Mi Jowo

Bla
Chapter #16

Mission Impossible

“Jadi, kau mau mengambil bangunan yang kita lihat hari Minggu kemarin?” tanya Dimas sambil menyuapkan sesendok nasi goreng ke mulutnya.

Aku mengangguk. “Ya, hari Sabtu nanti kau ada waktu?”

Dimas tersenyum riang. “Ya, tentu.”

Bagus, pikirku.

Aku tidak suka membayangkan Adam terus-menerus meremehkanku seperti tadi, meski hanya beberapa detik. Kalau aku tidak segera membuka bisnisku sendiri, aku tidak akan bisa membuktikan diriku padanya.

Dengan uang tabungan yang aku miliki, maka itu cukup untuk membeli perabotan dan peralatan masak yang dibutuhkan.

Beruntungnya kami, bangunan itu memang bekas restoran sehingga ada beberapa perabotan yang bisa kami gunakan kembali.

Bisnis ini harus bisa berjalan lancar, jika tidak, maka hancurlah hidupku. Bagaimana aku bisa menghadapi Adam jika gagal?

Aku tidak mau membayangkannya. Sekarang yang ada di pikiranku adalah menjadi pengusaha muda yang sukses yang mampu menyaingi Adam.

“Berarti Sabtu ya? Ayo kita kerjakan semaksimal mungkin,” kata Dimas dengan nada semangat.

Entah bagaimana aku tertawa melihat semangatnya yang menggebu-gebu. “Kau tidak kesal padaku, kan?” aku penasaran.

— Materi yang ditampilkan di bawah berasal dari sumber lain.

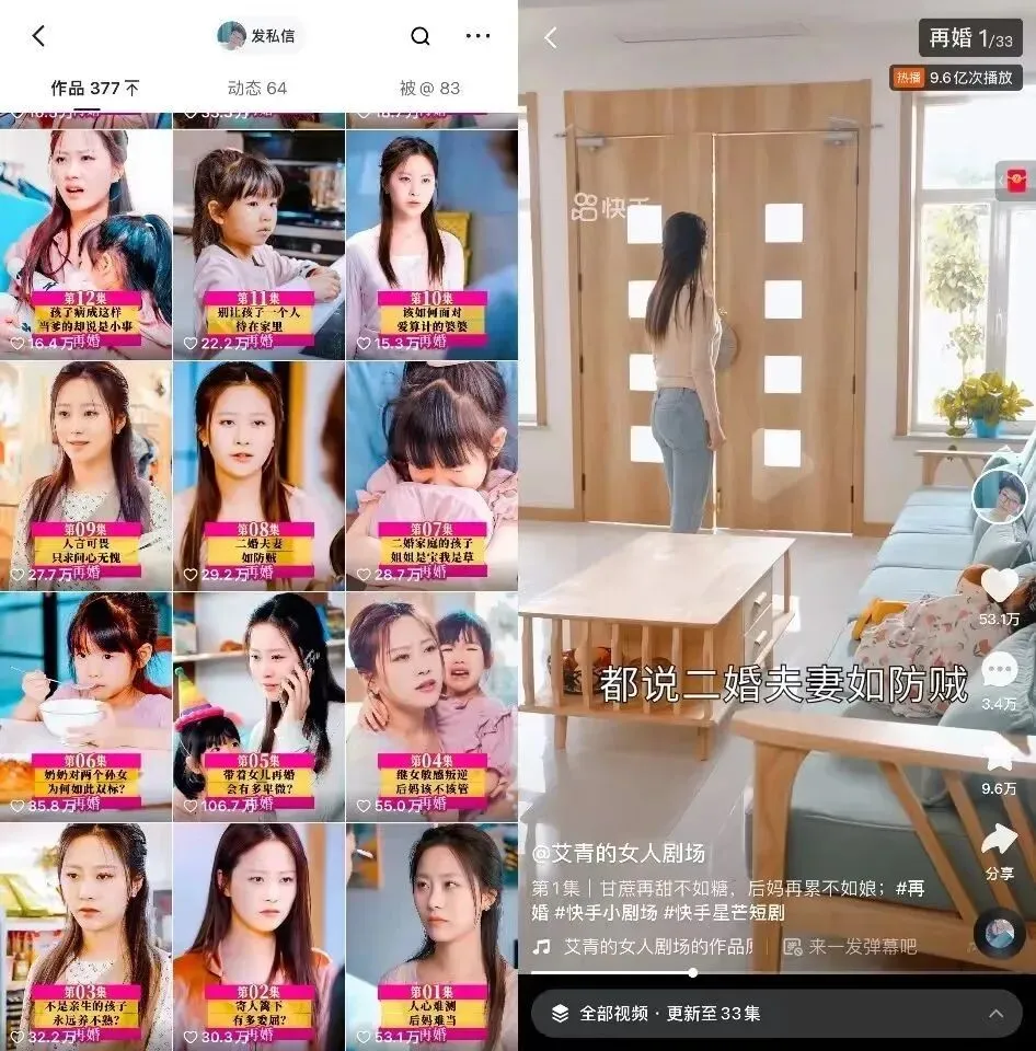 汤明明是一个工科生,半路出家做了短剧,她的冬漫社作品和所谓传统的短剧观众年龄低的判断背道而驰,她专注在30+女性观众的服务上。在快手短剧开始题材百花齐放后,汤明明盯住了家庭题材,接连推出了《女人的复仇》《单亲妈妈奋斗记》等爆款短剧,今年夏天在快手热播的《再婚》达到近10亿播放量。这样的题材能爆,对于早期短剧来说是不可想象的。汤明明遵循的是找到观众定位的原则。
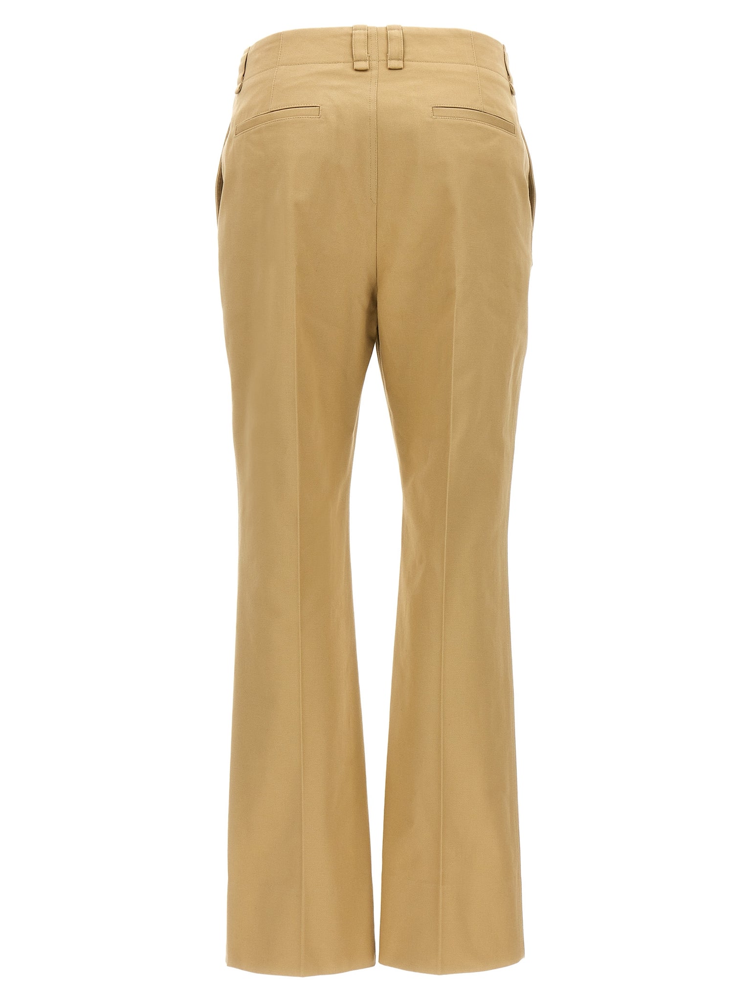 Cotton drill trousers, button closure, pockets, leg with stretched crease. Size and Fit - true to size fit French size

Dia sendiri pasti bertanya-tanya, sebegitu putus asanya aku ingin kembali dengan Adam.

“Tidak.”

“Tolong beritahu aku ya jika aku membuatmu kesal.”

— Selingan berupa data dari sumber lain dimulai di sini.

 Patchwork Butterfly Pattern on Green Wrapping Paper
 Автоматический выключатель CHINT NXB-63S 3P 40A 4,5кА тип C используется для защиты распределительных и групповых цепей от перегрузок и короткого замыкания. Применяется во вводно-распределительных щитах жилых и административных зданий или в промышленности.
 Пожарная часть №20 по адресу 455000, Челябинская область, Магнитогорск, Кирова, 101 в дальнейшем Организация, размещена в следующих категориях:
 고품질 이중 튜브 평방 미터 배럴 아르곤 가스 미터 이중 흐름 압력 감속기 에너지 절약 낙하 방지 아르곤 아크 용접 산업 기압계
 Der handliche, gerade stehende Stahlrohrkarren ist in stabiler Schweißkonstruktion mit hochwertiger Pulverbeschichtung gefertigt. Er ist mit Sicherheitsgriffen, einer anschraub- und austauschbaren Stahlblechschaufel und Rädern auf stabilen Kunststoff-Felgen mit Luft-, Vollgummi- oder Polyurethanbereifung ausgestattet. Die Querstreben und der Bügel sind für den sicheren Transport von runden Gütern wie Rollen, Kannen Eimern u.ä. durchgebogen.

Dimas tertawa. “Tidak, justru aku sangat kagum dengan dirimu yang sangat ambisius ini. Aku kagum dengan mimpimu dan dirimu yang pantang menyerah.”

“Ah,” desahku.

Lagi-lagi Dimas tertawa. “Tenang saja.” Dia mengangkat bahu. “Aku senang kok.”

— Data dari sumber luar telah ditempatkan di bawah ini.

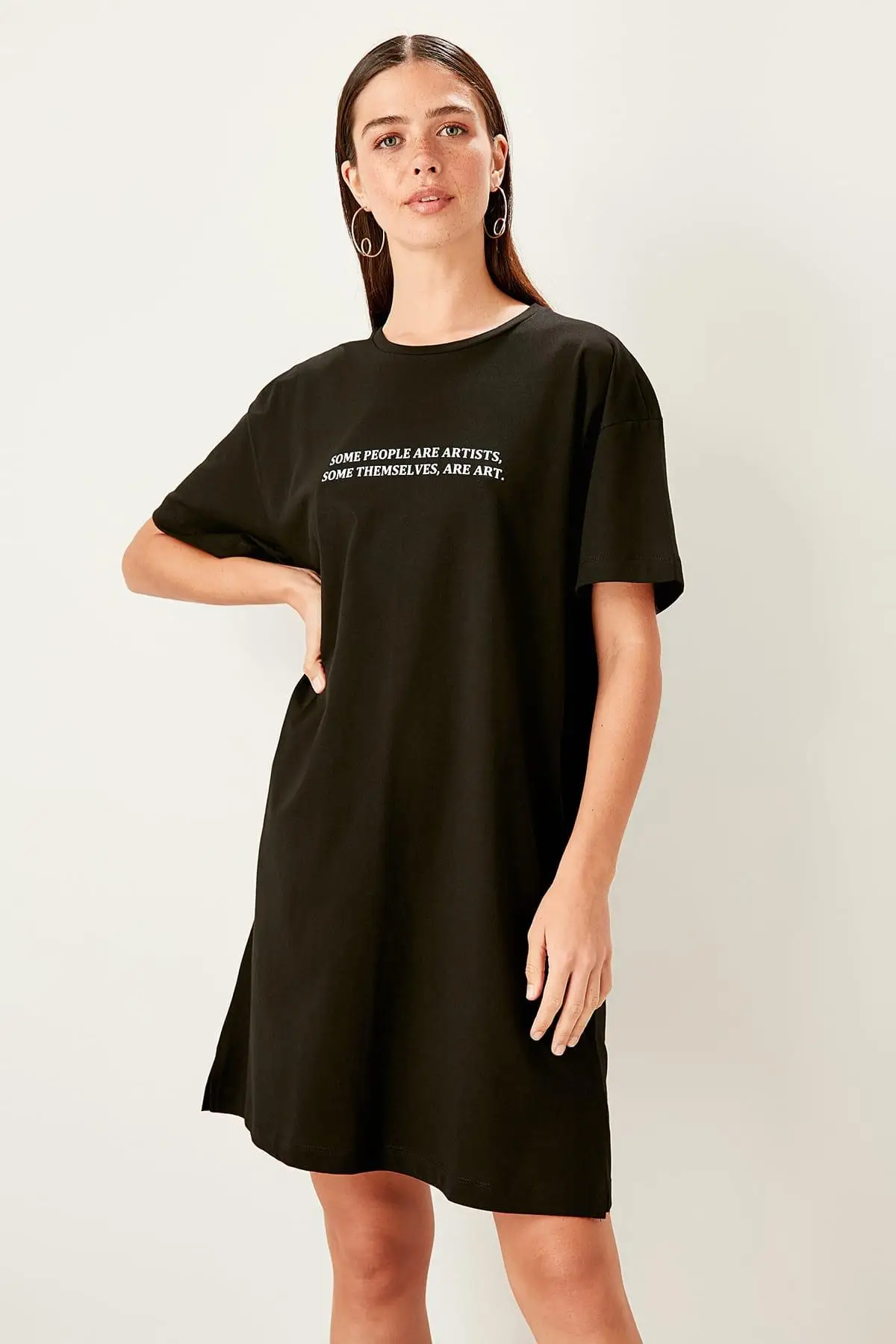 Trendyol черное трикотажное платье с принтом TWOSS19EL0232
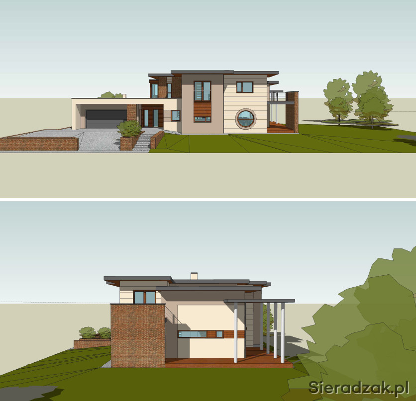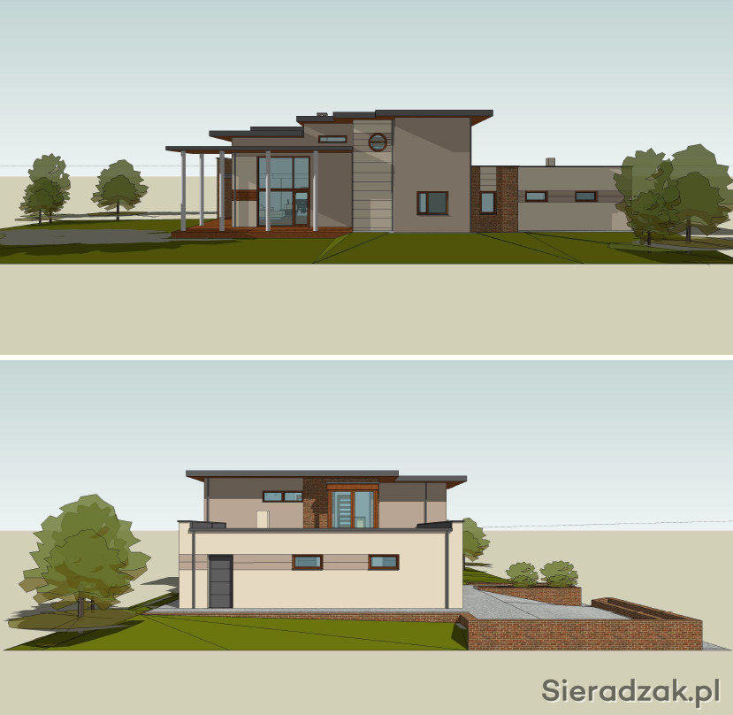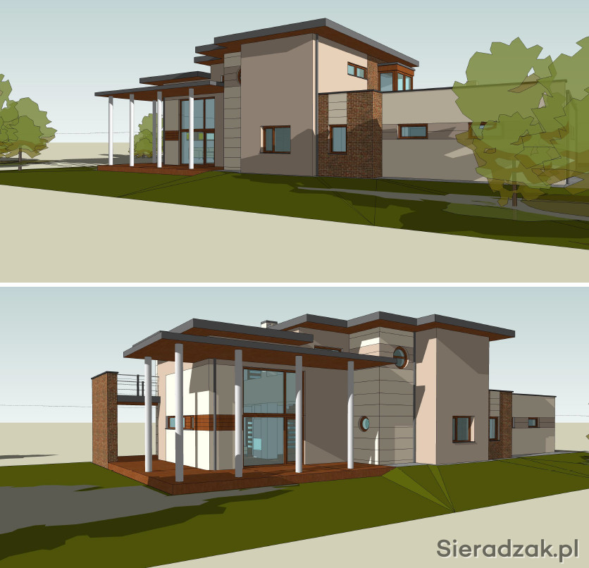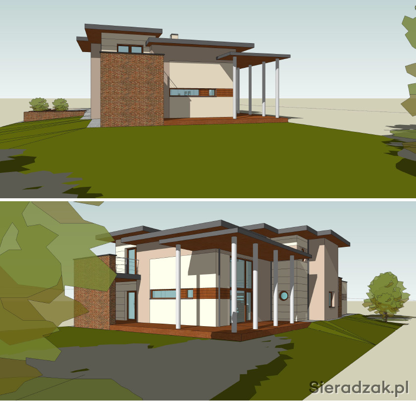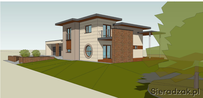 Dom jest bardzo ciekawie zaprojektowany, przestronny. Wybudowany w technologii pustak ceramiczny. Dachy płaskie. Duża działka pozwala na aranżację według własnego pomysłu.

Aku mengerutkan keningku. “Kau tidak boleh lupa dengan tugas kuliahmu.”

“Boleh juga nih kalau kita membuat tugas bersama.” Dimas mengernyit dan aku bertanya-tanya dalam hati berapa banyak tugas yang sudah lalai dia kerjakan agar bisa merintis bisnis ini yang belum juga mulai.

“Benar,” aku sependapat. “Kita bisa sambil mengerjakan tugas juga.”

“Mengerjakan tugas seminggu sekali?” usulnya. “Elizabeth pasti setuju juga, bukan?”

“Mungkin lebih baik dua kali,” aku menyarankan, membayangkan setumpuk tugas yang baru saja diberikan hari ini.

Dimas menghembuskan napas berat. Lalu dia bangkit dan menghampiri salah satu kios dan membeli dua kaleng soda. Saat dia duduk lagi, dia menyodorkan satu kaleng padaku yang sudah dibuka.

Lalu dibukanya kaleng kedua dan diangkatnya dengna sikap seperti hendak bersulang.

“Ini untuk bisnis kita agar bisa lancar,” katanya. “Semoga bisnis kita bisa menyaingi bisnis keluarga Adam.”

“Amin!” sahutku. “Dan juga untuk kuliah kita, semoga kita bisa mendapatkan IPK yang bagus dan lulus tepat waktu.”

Dimas nyengir dan menempelkan kalengnya pada kalengku.

Setelah meneguk habis sodanya, dia meraih tanganku. “Ayo, ikut denganku.”

Aku mengikutinya ke gedung bagian belakang fakultas teknik dan kami duduk di padang rumput, mendongak menatap langit.

Sinar matahari perunggu yang hangat ditelan oleh cakrawala. Hari cerah diliputi kegelapan. Kegelapan yang indah.

Sebuah kegelapan di mana garis tawaku menyala dan tampaknya berubah dari berderit ke kawah saat aku tersenyum pada bulan yang gemerlap.